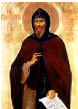
Свети Александар Невски

земља била остала без чифчија 25 . Према томе, Васојевићи из Лијеве Ријеке су населили долину Лима у првој половини 18. вијека, те се од тада и
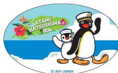
缶バッジ (イメージ)
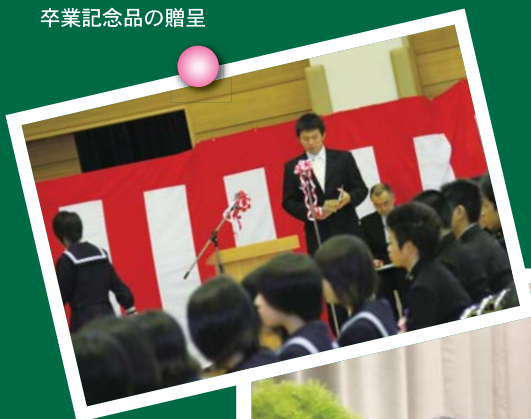
一人ひとりの名前を 読み上げる担任の先生
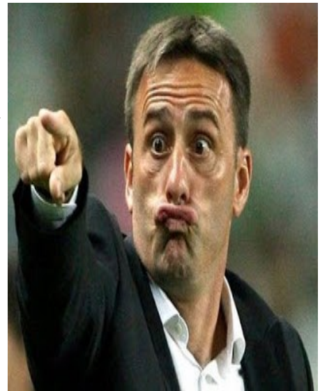
Imagem Absurda do Mês (olhem pro lado)

Os sócios do Sporting tinham sempre novos para me chamar...mas melro nunca foi um deles graças a Deus. Ficavam-se pelo “Filho da P***”, “Cabrão”, “Mijocas”, “Incompetente” ou “Desmaioritário”.
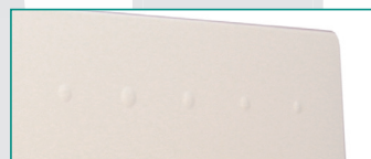
Revisionsabdeckung Typ KAM
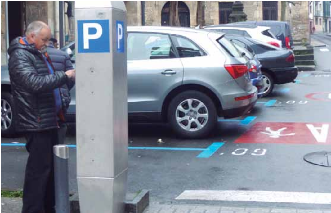
Herrigunean aparkatzerakoan, makinetan tiketa inprimatzera ohitu beharko dute orain herritarrek. ENEKO AZURMENDI
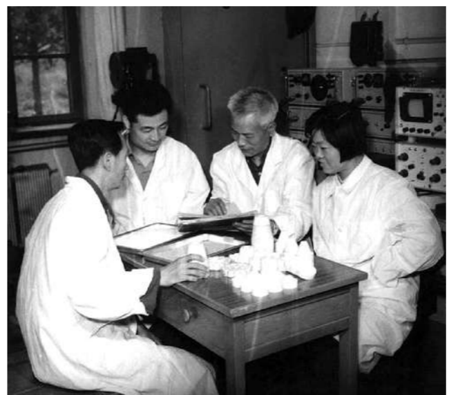
上世纪70年代,徐更光等教师成功研制8701高能混合炸药

2015年1月7日,一位老人的逝去牵动了北理工全校师生的心,他就是我国爆炸科学与技术领域的开拓者徐更光院士。1956年毕业留校后,他逐渐成长为一名混合炸药领域的顶级专家,身后为我们留下了“8701”、“海萨尔”等一个个高能炸药领域的革命性成果。上世纪七十年代,为了解决炸药腐蚀问题,徐更光带领团队不仅解决了炸药的热安定性问题,还创造性引入稳定体系,实现了对弹药中析出酸碱的自动吸收,从而保证了炸药的长期稳定性,解决了一个世界级难题,轰动业界,由此缔造出中国高能炸药的常青树——8701高能炸药,这一具有国际先进水平的成果,不仅获得全国科学大会奖,还被装备在我国多种型号的武器上。步入花甲之年,徐更光又为中国国防捧出了“海萨尔PW30甲高威力炸药”,这种领先世界的新型炸药,成为中国的“独门秘籍”,海萨尔炸药凭借在爆炸性能、安全性、起爆性能等方面优异的表现,为北京理工大学赢得“国家科技进步一等奖”,成为了中国炸药的一代巅峰之作。
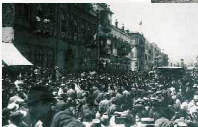
Εκδήλωση ενθουσιασμού από τον λαό στη Σμύρνη για την ελληνική παρουσία.

-Για διαβάστε τα λόγια που είπε ο Ελευθέριος Βενιζέλος στους Έλληνες που ζούσαν στη Σμύρνη, μόλις έφτασε εκεί ο στρατός από την Ελλάδα. Είμαι σίγουρη πως αν σας εξηγήσω μερικές άγνωστες λέξεις, θα μπορέσετε να καταλάβετε τι επιθυμούσε ο Βενιζέλος, αλλά και τι συμβούλευε τους πολίτες να κάνουν.
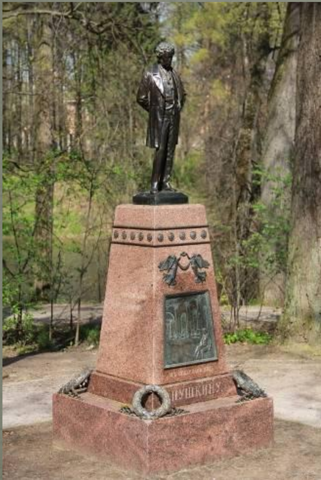
Памятник А.С. Пушкину
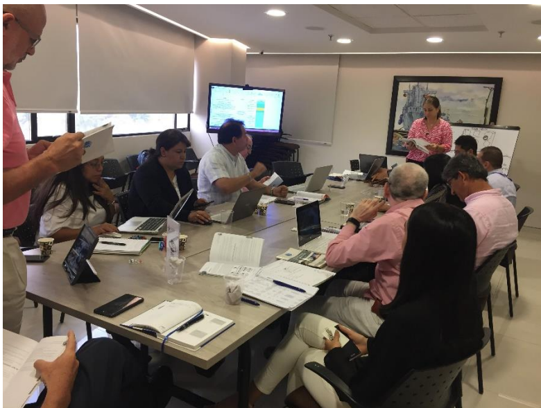
Primer Encuentro de Auditores BASC Costa Caribe Fecha: Septiembre 4 de 2019
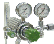
ノーヒーター調整器
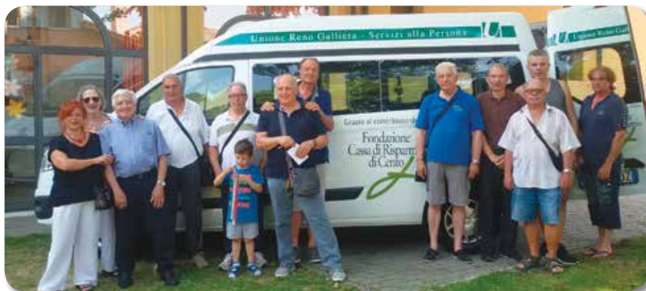
I volontari AUSER

D a più di vent'anni l'Associazione AUSER offre alla nostra comunità un'ampia varietà di servizi fondamentali: trasporta anziani e bisognosi presso le strutture sanitarie per visite ed esami, accompagna disabili presso le strutture diurne ricreative, fornisce supporto ai servizi della Casa della Salute (CUP e consegna ricette mediche), coordina assieme all'Ausl il progetto Mai più soli presso il Centro sociale Luigén, garantisce la presenza sei di volontari presso l'ASP Galuppi Ramponi (ex Opera Pia Galuppi) per l'accompagnamento degli utenti che frequentano il centro diurno, e il servizio di biancheria e farmacia. È inoltre da sempre di supporto al Comune per le attività e gli eventi rivolti alla cittadinanza, con l'apertura della Sala Partecipanza, e l'accompagnamento dei bambini che frequentano lo scuolabus o vanno a scuola con il progetto Piedibus. Vi basti sapere che con i mezzi di trasporto a disposizione i volontari percorrono oltre 120mila chilometri all'anno! Con la fine dell'estate le attività ed i servizi offerti da AUSER riprenderanno a pieno regime, tutti portati avanti da una trentina di volontari attivi giornalmente su una sessantina di tesserati.
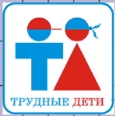
Темы личных запросов
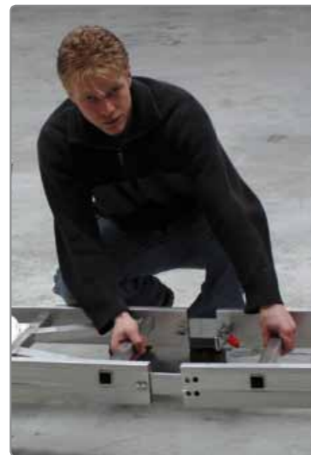
Zusammenstecken, festspannen ...
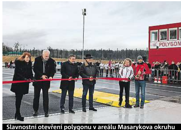
Slavnostní otevření polygonu v areálu Masarykova okruhu

skou autosedačkou, a seznámí se s legislativou. Na jaře se do portfolia služeb přidá žádaný kurz sloužící pro odpočet trestných bodů nasbíraných za dopravní přestupky. Tréninkové centrum svými parametry splňuje podmínky pro školení nákladních vozů, čehož mohou využít napří-
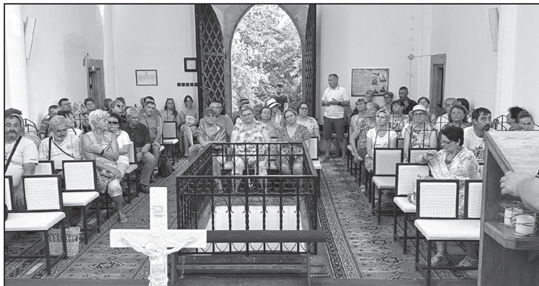
Účastníci mohli navštíviť výnimočne aj interiér kaplnky na Hrádku

Ďalšie Špacirki po varošu sa konali druhý júlový piatok, tentokrát v lokalite Hrádok, ktorá je tak trochu zahalená rúskom tajomstva. V stredovekú tu stál
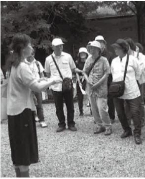
筑波実験植物園にて

5月28日に野渡コミュニティセンターを出発し、筑波山、筑波宇宙センター、筑波実験植物園の三ヶ所をめぐる、街歩きウォーキングに始めて参加しました。
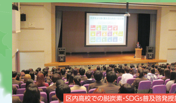
区内高校での脱炭素・SDGs普及啓発授業

花できれいなまちづくりを推進するとともに、さまざまなツールを用いて幅広い層へ脱炭素やSDGsの普及啓発を実施します。

* _Required action_
Show the lines of the records that include the string "Σμύρνη".

* _Answer to this task_
Εκδήλωση ενθουσιασμού από τον λαό στη Σμύρνη για την ελληνική παρουσία.
-Για διαβάστε τα λόγια που είπε ο Ελευθέριος Βενιζέλος στους Έλληνες που ζούσαν στη Σμύρνη, μόλις έφτασε εκεί ο στρατός από την Ελλάδα. Είμαι σίγουρη πως αν σας εξηγήσω μερικές άγνωστες λέξεις, θα μπορέσετε να καταλάβετε τι επιθυμούσε ο Βενιζέλος, αλλά και τι συμβούλευε τους πολίτες να κάνουν.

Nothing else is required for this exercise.